Il capo dell’ASIO, Mike Burgess, conferma che uno dei due attentatori era noto ai servizi di sicurezza, ma non considerato una minaccia imminente. Naveed, nel 2019, era stato monitorato per possibili legami jihadisti, senza elementi sufficienti per un arresto.

Gli investigatori non escludono la pista dello Stato Islamico: nell’auto dei killer sono state trovate bandiere del Califfato e si valuta l’ipotesi di un giuramento di fedeltà, pratica comune prima degli attacchi.

Un clima di allarme ignorato?

L’attentato di Bondi Beach si inserisce in un contesto già teso. Negli ultimi anni, l’Australia ha affrontato diversi episodi di violenza antisemita, tra lupi solitari, accoltellamenti e piani terroristici sventati. In agosto, Canberra aveva persino espulso l’ambasciatore iraniano per il coinvolgimento dei pasdaran in atti ostili contro obiettivi ebraici.

Secondo fonti israeliane, il Mossad aveva avvertito l’Australia del rischio di attentati. Una presunta sottovalutazione della minaccia ha acceso lo scontro politico.

Il primo ministro israeliano Benjamin Netanyahu ha accusato il governo australiano di aver “gettato benzina sul fuoco dell’antisemitismo”, citando una lettera inviata ad agosto al premier Anthony Albanese.

“L’antisemitismo è un cancro.
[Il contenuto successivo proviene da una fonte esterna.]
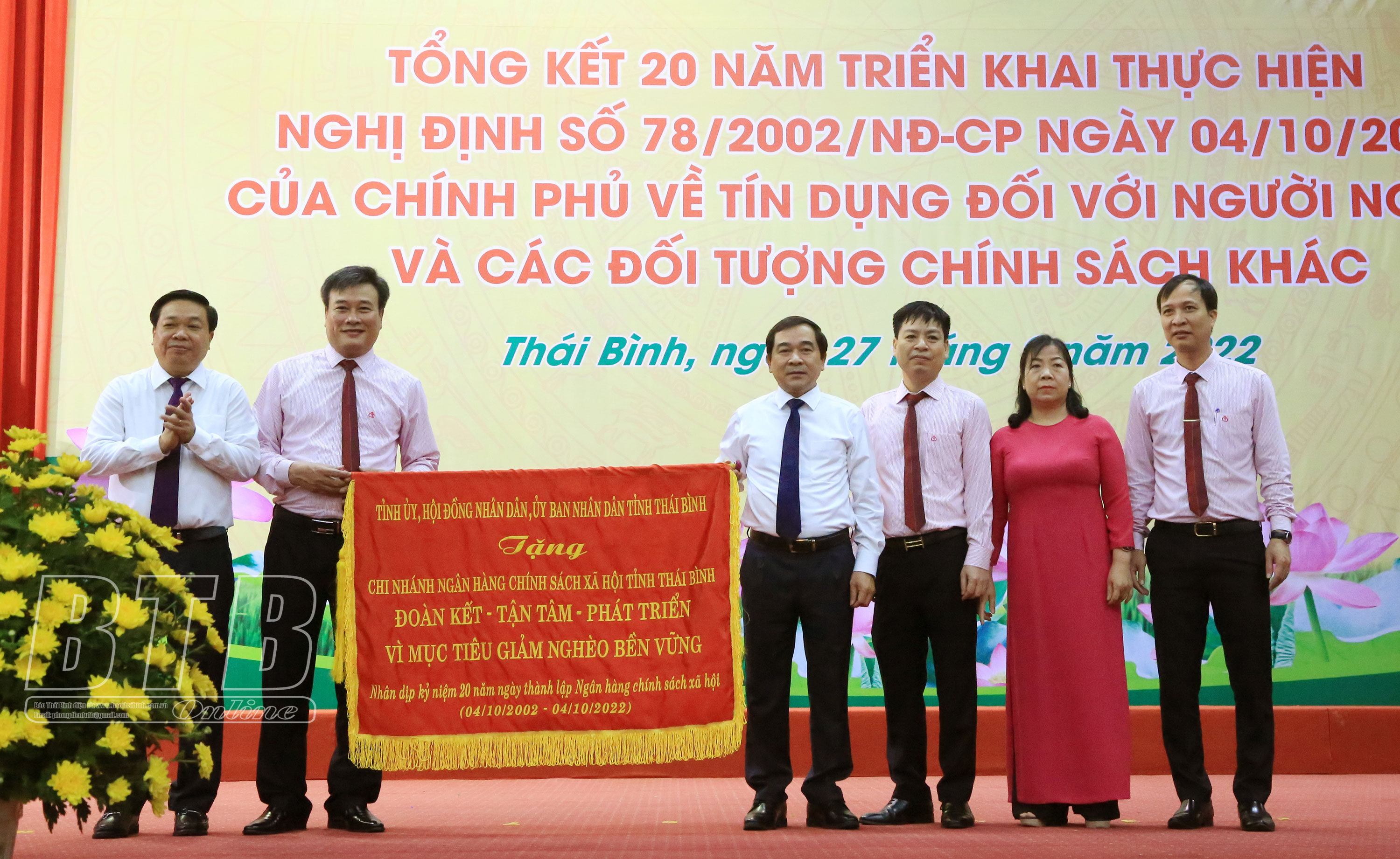 Phát biểu tại hội nghị, đồng chí Lương Quốc Đoàn, Ủy viên Ban Chấp hành Trung ương Đảng, Chủ tịch Hội Nông dân Việt Nam, Ủy viên HĐQT Ngân hàng CSXH và đồng chí Nguyễn Khắc Thận, Phó Bí thư Tỉnh ủy, Chủ tịch UBND tỉnh biểu dương và đánh giá cao những kết quả Ngân hàng CSXH Chi nhánh tỉnh Thái Bình đạt được trong 20 năm qua.

Si diffonde quando i leader rimangono in silenzio. La debolezza va sostituita con l’azione”.

Netanyahu parla all'Onu e i delegati abbandonano l'aula
Benjamin Netanyahu

Le parole di Mattarella

Tra le attestazioni di solidarietà e sgomento arrivate da tutto il mondo, anche il Presidente della Repubblica, Sergio Mattarella, ha inviato al Governatore Generale del Commonwealth d’Australia, Sam Mostyn, un messaggio di vicinanza:

“In questi momenti di profonda tristezza, a nome della Repubblica Italiana, desidero esprimere sentite condoglianze e massima vicinanza alle famiglie delle vittime.

Il pensiero di tutti gli italiani, e mio personale, è altresì rivolto ai feriti, ai quali auguro un pronto e pieno ristabilimento.

Quali che siano le causali e le responsabilità di questo vile attentato, rinnovo le più dure espressioni di condanna contro gli ignobili atti di terrorismo, le ripugnanti manifestazioni e forme di antisemitismo, ogni espressione di fanatica violenza alimentata da odio etnico o religioso.

Una ferita aperta

Mentre Sydney piange le sue vittime e decine di feriti lottano tra la vita e la morte, una certezza resta: l’attacco di Bondi Beach segna un punto di non ritorno per la sicurezza e la convivenza in Australia.

In mezzo all’odio, resta il gesto di Ahmed el Ahmed. Un uomo qualunque che, in una sera di terrore, ha scelto di non voltarsi dall’altra parte. E che, per molti, rappresenta l’unica luce rimasta accesa in un Hanukkah spezzato.